I know things appear to have been quiet around here for the last long times, but I can assure you, not a day goes by that Hazaar MVC doesn’t get something added/fixed/whatevered to it. So that and working as a full time PHP developer, MMA cage fighter AND doing two subjects a semester at uni trying to get my masters, is really making life hectic!   I have been holding off on the next official release for quite some time now (at least a year) because I haven’t been quite sure where I want to take HMVC next.

So this is just a quick update to let you know that I may be on to something.

It had always been my intention to create some sort of “Hazaar ecosystem” that will allow developers to download and use only the parts of HMVC that they actually need.  Much in the same way that languages like Ruby, or even PHP with it’s own PEAR system.  Till now I’ve been struggling with how I want to manage this from the developers perspective.  Obviously they need a tool to do this, but what kind of tool?

Until now, that tool has been the “Hazaar Tool” which was originally a PHP script that did some stuff.  Currently it is a python script that get’s compiled and distributed as an executable binary.  Neither of these approaches really worked too well for various reasons.

  • They are both command line only tools.
  • The PHP tool was designed only to work on Linux hosts.
  • The Python tool never really got the full subset of features the original tool had.
  • Neither really worked too well on all platforms as they were both developed on Linux.

Since developing the last version of the Hazaar Tool I have changed jobs and I’m now developing PHP code using a Windows workstation.  This has meant that a bit more work has been done on HMVC to get it working nicely on Windows, but it also meant that I had a chance to really think about the differences between developing on Linux and Windows and what it’s going to take to build my ecosystem in a platform independent way.

Then it hit me!  Build it into the framework!
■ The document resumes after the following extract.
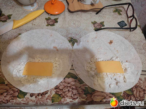 Тартилья с творогом и сыром. Сварачиваю и слегка обжариваю.
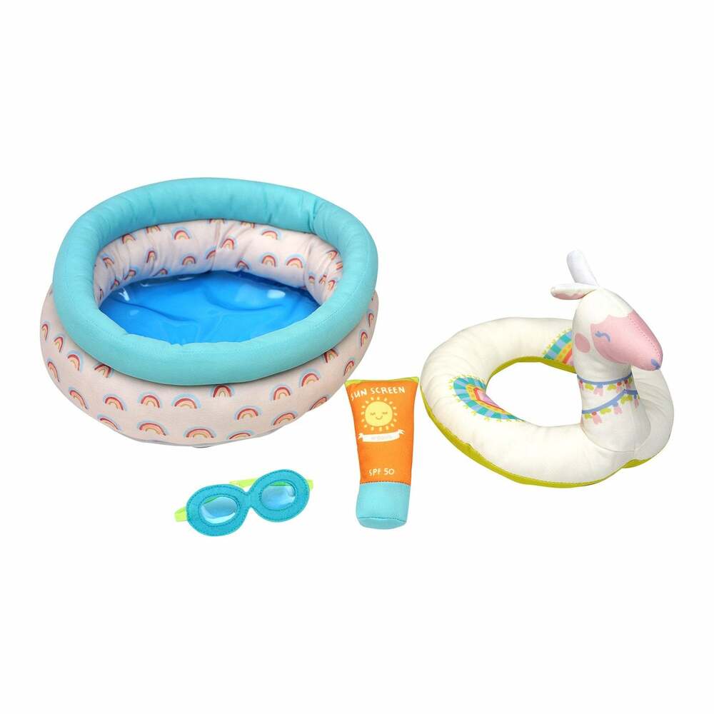 Splash into playtime with the Stella Collection Pool Party playset. This adorable four-piece pool-themed set includes a soft toy pool with blue soft-plastic bottom and a soft llama ring, soft-tube pretend organic 50 SPF sunscreen, and goggles! The perfect playset for Baby Stella and Wee Baby Stella fans alike, as all play accessories are compatible with both 15 inch and 12 inch soft dolls. Including the playful goggles that feature an elastic strap. These playful accessories encourage pool-time fun without the water! Doll play encourages motor skill development, nurturing role-play, and language skills as littles enjoy talking to their babies. The Stella Collection Pool Party set is not made for water play, but emulates pool-time-fun with a little help from the imagination.

We currently have an interface built into the framework for monitoring and managing the Warlock signalling server, so why not do that for a project and package manager?  It’s so obvious I feel a bit stupid.

The down sides:

  • Getting the framework up and running will be a bit more of a manual process.  The latest version of the Hazaar Tool was REALLY good at getting you up and running with all the bits you needed.  It even allowed you to install the example application with a single command.  This will probably have to change.  But maybe not. It might be easier.  I don’t know I’m really just spit-balling right now.
  • That’s probably it.  I actually can’t think of any down-sides.  Really, as long as you get the framework up and running on your web server, you should be good to go

The up side(s):

  • There will be a “pretty”, platform independent graphical user interface for managing everything about your application.  From creating new empty applications to adding controllers, models, views, new modules, downloading projects from the “platform server”.
  • Managing Warlock will also be in the same interface.
  • Multiple applications on the same frame work.
  • Simple framework updates.  This will be tricky as we will need to think about write permissions and such.  May have to look into privilege elevation and if that’s at all possible.
  • Managing databases, including configuring schemas, running migrations, writing migration scripts or maybe even adding/removing tables from the database and automatically modifying the schema files.  Who knows!

So yeah, as you can see I have my work cut out for me.  All of this is just spit-balling ideas, but I think it’s the way to go.  That way at the end of the day the only thing you need to install is “the framework” and not a bunch of tools to manage it as well.